For a linear model with multivariate normal prior and multivariate normal likelihood, you end up with a multivariate normal posterior distribution in which the mean of the posterior (and maximum a posteriori model) is exactly what you would obtain using Tikhonov regularized ($L_{2}$ regularized) least squares with an appropriate regularization parameter.

Note that there is a more fundamental difference in that the Bayesian posterior is a probability distribution, while the Tikhonov regularized least squares solution is a specific point estimate.

This is discussed in many textbooks on Bayesian methods for inverse problems, See for example:



Similarly, if you have a Laplacian prior and a multivariate normal likelihood, then the maximum of the posterior distribution occurs at a point that you could get by solving an $L_{1}$ regularized least squares problem.


For a regression problem with $k$ variables (w/o intercept) you do OLS as

$$\min_{\beta} (y - X \beta)' (y - X \beta)$$

In regularized regression with $L^p$ penalty you do

$$\min_{\beta} (y - X \beta)' (y - X \beta) + \lambda \sum_{i=1}^k |\beta_i|^p $$

We can equivalently do (note the sign changes)

$$\max_{\beta} -(y - X \beta)' (y - X \beta) - \lambda \sum_{i=1}^k |\beta_i|^p $$

This directly relates to the Bayesian principle of

$$posterior \propto likelihood \times prior$$

or equivalently (under regularity conditions)

$$log(posterior) \sim log(likelihood) + log(penalty)$$

Now it is not hard to see which exponential family distribution corresponds to which penalty type.

  • $\begingroup$ How does the maximization optimization problem relate to the Bayesian principle?

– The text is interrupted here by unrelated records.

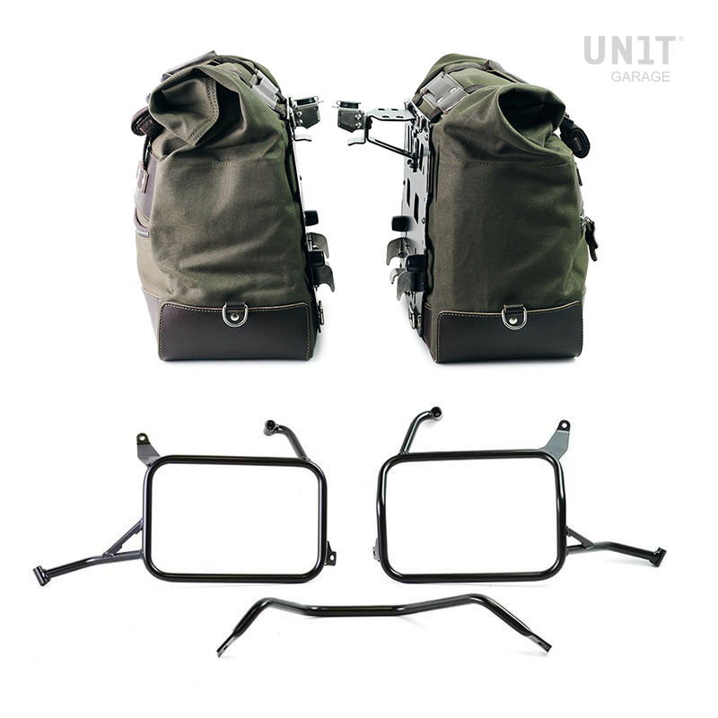 Paar Cult-Seitentaschen aus wasserdichter Baumwolle mit Aluminium-Rückplatten + Edelstahl-Schnellkupplung und Schloss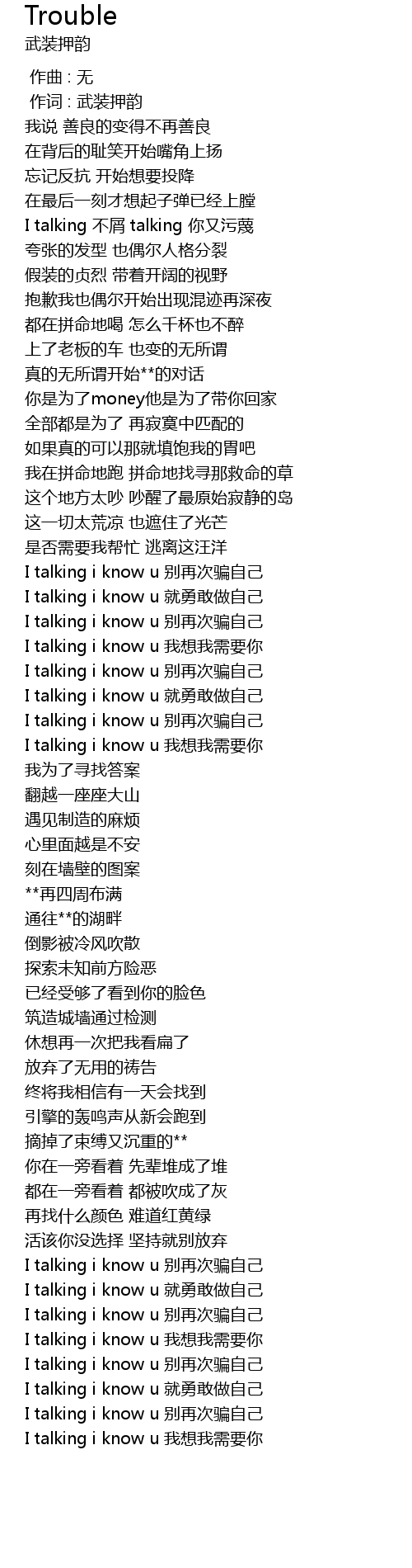 | [02:30.59] | I talking i know u bié zài cì piàn zì jǐ |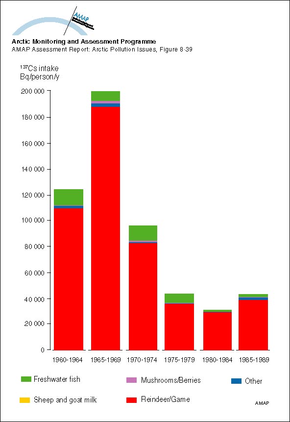 Yearly intake of 137Cs from various dietary components by the ‘selected’ population of Arctic Finland

I missed the connection. Can you expand? $\endgroup$
    – 24n8
    Commented May 6, 2021 at 20:18

To put the equivalence more precisely:

Optimizing model weights to minimize a squared error loss function with L2 regularization is equivalent to finding the weights that are most likely under a posterior distribution evaluated using Bayes rule, with a zero-mean independent Gaussian weights prior


The loss function as described above would be given by

$$ L = \underbrace{\Big[ \sum_{n=1}^{N} (y^{(n)} - f_{\mathbf{w}}(\mathbf{x}^{(n)}))^{2} \Big] }_{Original \; loss \; function} + \underbrace{\lambda \sum_{i=1}^{K} w_{i}^{2}}_{L_{2} \; loss} $$

Note that the distribution for a multivariate Gaussian is $$ \mathcal{N}(\mathbf{x}; \mathbf{\mu}, \Sigma) = \frac{1}{(2 \pi)^{D/2}|\Sigma|^{1/2}} \exp\Big(-\frac{1}{2} (\mathbf{x} -\mathbf{\mu})^{\top} \Sigma^{-1} (\mathbf{x} -\mathbf{\mu})\Big) $$

Using Bayes rule, we have that

$$ \begin{split} p(\mathbf{w}|\mathcal{D}) &= \frac{p(\mathcal{D}|\mathbf{w}) \; p(\mathbf{w})}{p(\mathcal{D})}\newline &\propto p(\mathcal{D}|\mathbf{w}) \; p(\mathbf{w})\newline &\propto \Big[ \prod_{n}^{N} \mathcal{N}(y^{(n)}; f_{\mathbf{w}}(\mathbf{x}^{(n)}), \sigma_{y}^{2})\Big] \; \mathcal{N}(\mathbf{w}; \mathbf{0}, \sigma_{\mathbf{w}}^{2} \mathbb{I})\newline &\propto \prod_{n}^{N} \mathcal{N}(y^{(n)};f_{\mathbf{w}}(\mathbf{x}^{(n)}) , \sigma_{y}^{2}) \prod_{i=1}^{K} \mathcal{N}(w_{i}; \, 0, \, \sigma_{\mathbf{w}}^{2}) \newline \end{split} $$

Where we are able to split the multi-dimensional Guassian into a product, because the covariance is a multiple of the identity matrix.

Take negative log probability $$ \begin{split} -\log \big[p(\mathbf{w}|\mathcal{D}) \big] &= -\sum_{n=1}^{N} \log \big[\mathcal{N}(y^{(n)}; f_{\mathbf{w}}(\mathbf{x}^{(n)}), \sigma_{y}^{2}) \big] - \sum_{i=1}^{K} \log \big[ \mathcal{N}(w_{i}; \, 0, \, \sigma_{\mathbf{w}}^{2}) \big] + const. \newline &= \frac{1}{2\sigma_{y}^{2}} \sum_{n=1}^{N} \big(y^{(n)} - f_{\mathbf{w}}(\mathbf{x}^{(n)})\big)^{2} + \frac{1}{2\sigma_{\mathbf{w}}^{2}} \sum_{i=1}^{K} w_{i}^{2} + const. \newline \end{split} $$

We can of course drop the constant, and multiply by any amount without fundamentally affecting the loss function. (constant does nothing, multiplication effectively scales the learning rate. Will not affect the location of minima)So we can see that the negative log probability of the posterior distribution is an equivalent loss function to the L2 regularized square error loss function.

This equivelance is general and holds for any parameterized function of weights - not just linear regression as seems to be implied above.


There are two characteristics of Bayesian modeling that need to be emphasized, when discussing the equivalance of certain penalized maximum likelihood estimation and Bayesian procedures.

  1. In the Bayesian framework, the prior is selected based on specifics of the problem and is not motivated by computational expediency. Hence Bayesians use a variety of priors including the now-popular horseshoe prior for sparse predictor problems, and don't need to rely so much on priors that are equivalent to L1 or L2 penalties.
  2. With a full Bayesian approach you have access to all inferential procedures when you're done. For example you can quantify evidence for large regression coefficients and you can get credible intervals on regression coefficients and overall predicted values. In the frequentist framework, once you choose penalization you lose all of the inferential machine.